■ Your objective ■
No pictures should appear. The lines from the beginning of the listing through the one holding "Photo 2. Collection" must be reproduced exactly, and nothing more.

■ Source material ■
• • • • • • •
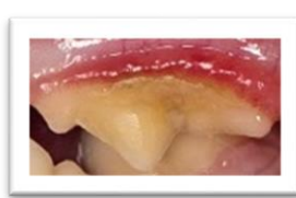
GRADE II Moderate Gingivitis <25% Bone Loss Swollen Gums Odor is Noticeable
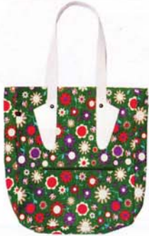
$59.95, Paul Frank, 1800 132 780.
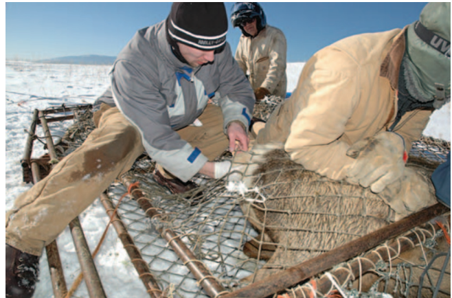
Photo 2. Collection of fecal samples during handling of adult cow elk.

or from the field on open prairie flats (Photo 3) from February to June (Table 1). Each sample constituted a composite of two individual pellets selected from 20 pellet groups; this was a sample size of composite samples similar to a previous study, which examined the comparative diet content of ungulates. 12 Pellet groups were located \leq 100 m from vegetation plots and were separated by >1 m to provide a representation of population diet. We separated samples seasonally into winter
• • • • • • •
■ Response to the exercise ■
GRADE II Moderate Gingivitis <25% Bone Loss Swollen Gums Odor is Noticeable
$59.95, Paul Frank, 1800 132 780.
Photo 2. Collection of fecal samples during handling of adult cow elk.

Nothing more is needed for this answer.